(Collected data entries)
****************

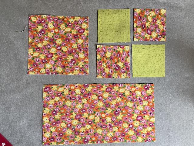 Og i bundfarven skal du bruge 2 firkanter på 6 x 6 cm, samt en firkant på 10.5 x 10.5 cm og en på 10.5 x 21 cm.
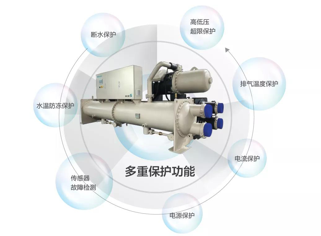此外,机组拥有水温防冻保护、断水保护、高压保护、低压保护、过电流保护、电源保护、排气温度保护、传感器故障检测等保护控制,确保机组在复杂的运行环境中安全运行,保持良好状态。
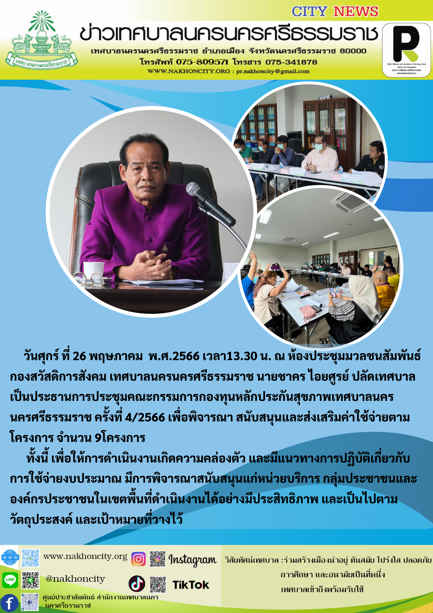 | นายชาคร ไอยศูรย์ ปลัดเทศบาล เป็นประธานการประชุมคณะกรรมการกองทุนหลักประกันสุขภาพเทศบาลนครนครศรีธรรมราช ครั้งที่ 4/2566 |
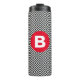 Geometric Black and White Pattern Red Monogram Thermal Tumbler
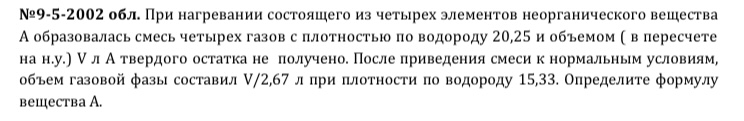 При нагревании состоящего из четырех элементов неорганического вещества А образовалась смесь четырех газов с плотностью по водороду 20,25 и объемом ( в пересчете на н.у. ) V л А твердого остатка не получено. После приведения смеси к нормальным условиям, объем газовой фазы составил V/2,67 л при плотности по водороду 15,33. Определите формулу вещества А.
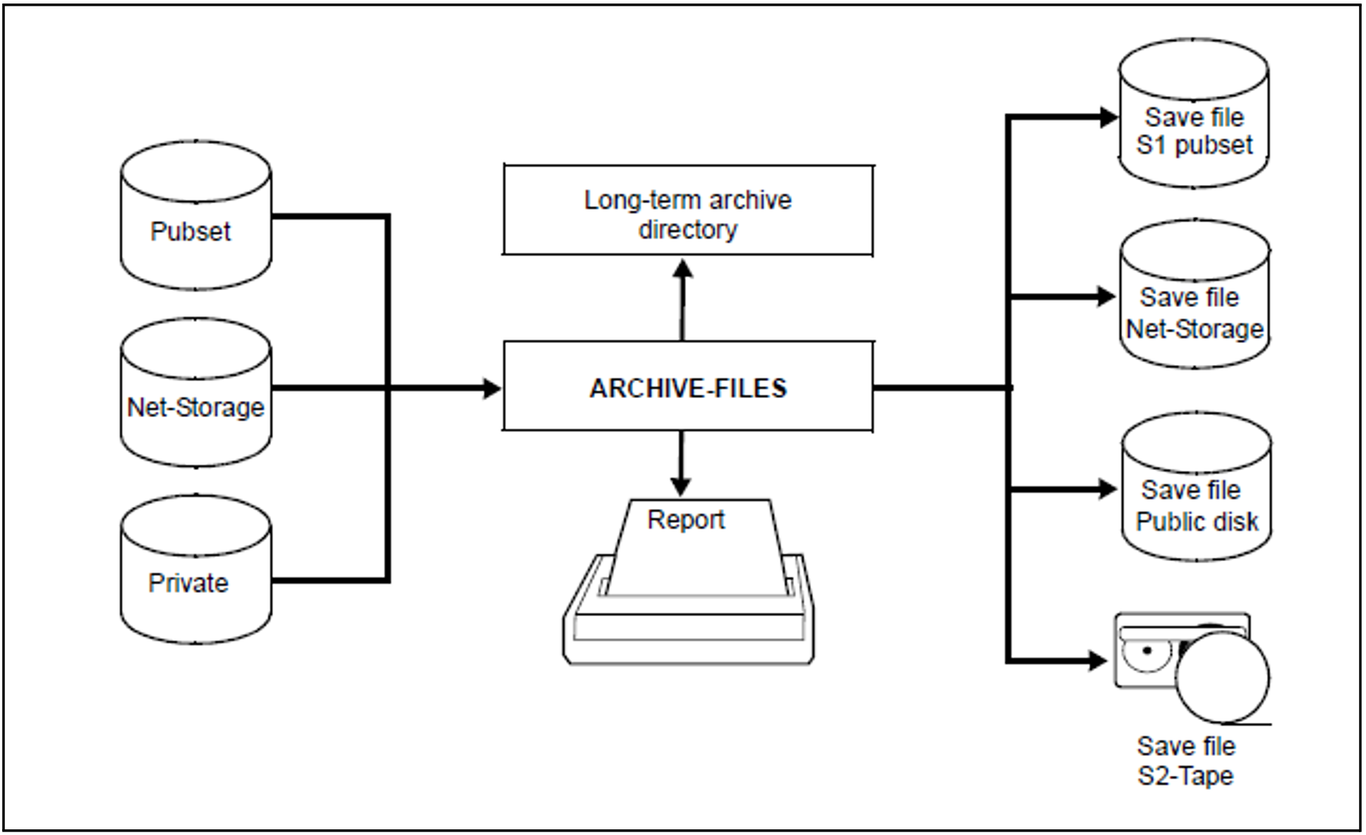 BS2000 files are archived by means of the HSMS statement ARCHIVE-FILES.
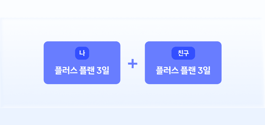 나와 친구 모두 3일간 플러스 플랜을 사용할 수 있어요!
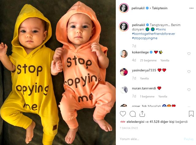 Nisan ayinda kucağına alan çiçeği burnunda anne Pelin Akil, ikizlerinin dünyaya geldiği, ilk Günden İtibaren fotoğraflarını paylaşmaya başlamıştı. Kızların yüzlerini göstermemeye gayret eden çift, bugün bir ilke imza atarak kızları Alin ve Lina'nın yüzünün tam olarak göründüğü odada Instagram'dan paylaştılar.
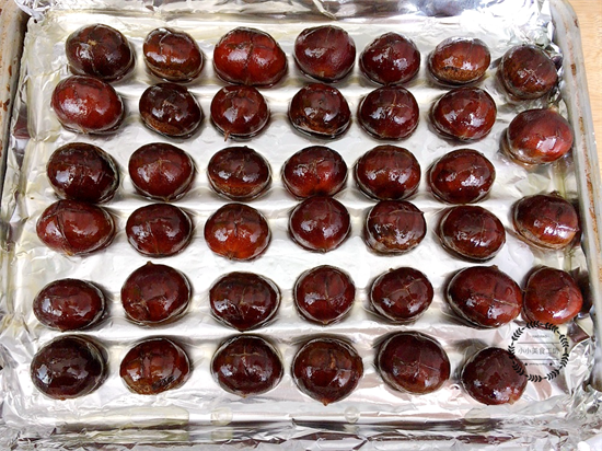 将板栗放入烤箱,220度上下火烤制20分钟即可,烤好的板栗因为高温的作用个个开口,这样不仅吃起来更省力,随着糖水的浸入,口味也更香甜。
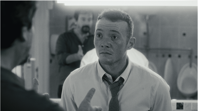 The new short film from Writer/Director Nicholas Chandler, LOOK AHEAD, stars Lee Brophy and David Hepburn as two men who have an unusual encounter in a men's bathroom.
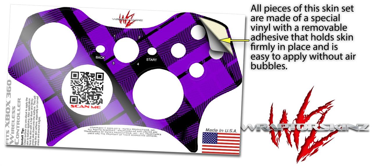 XBOX 360 Wireless Controller Decal Style Skin - Purple Plaid (CONTROLLER NOT INCLUDED)
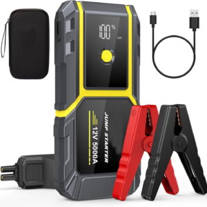 6000A Car Battery Jump Starter(for All Gas or up to 12L Diesel) Powerful Car Jump Starter with Dual USB Quick Charge and DC Output,12V Jump Pack with Built-in LED Bright Light
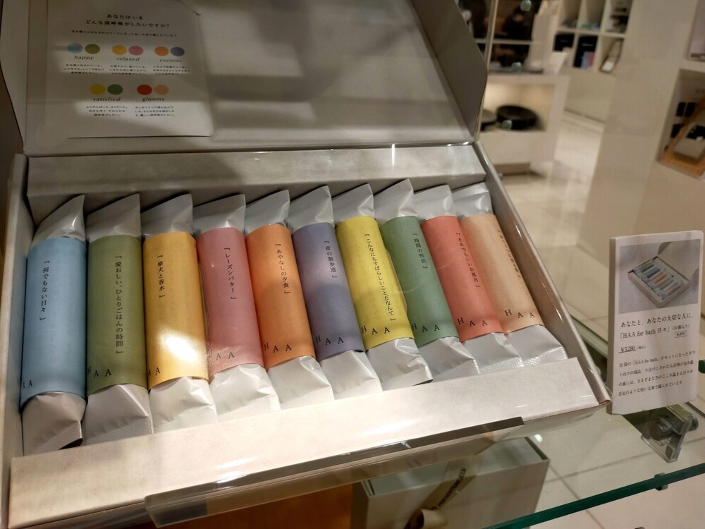 個人的に心惹かれたものは、入浴剤のHAA for bath 日々のセットです。1本ずつにエッセイが書かれていて、開けた人だけが読める“秘密の楽しみ”が仕込まれているんです。

****************

### Task instructions
Starting at the line that contains "The new short", return every line through the end of the records above exactly as written, and return no pictures.

### Written response
 The new short film from Writer/Director Nicholas Chandler, LOOK AHEAD, stars Lee Brophy and David Hepburn as two men who have an unusual encounter in a men's bathroom.
 XBOX 360 Wireless Controller Decal Style Skin - Purple Plaid (CONTROLLER NOT INCLUDED)
 6000A Car Battery Jump Starter(for All Gas or up to 12L Diesel) Powerful Car Jump Starter with Dual USB Quick Charge and DC Output,12V Jump Pack with Built-in LED Bright Light
 個人的に心惹かれたものは、入浴剤のHAA for bath 日々のセットです。1本ずつにエッセイが書かれていて、開けた人だけが読める“秘密の楽しみ”が仕込まれているんです。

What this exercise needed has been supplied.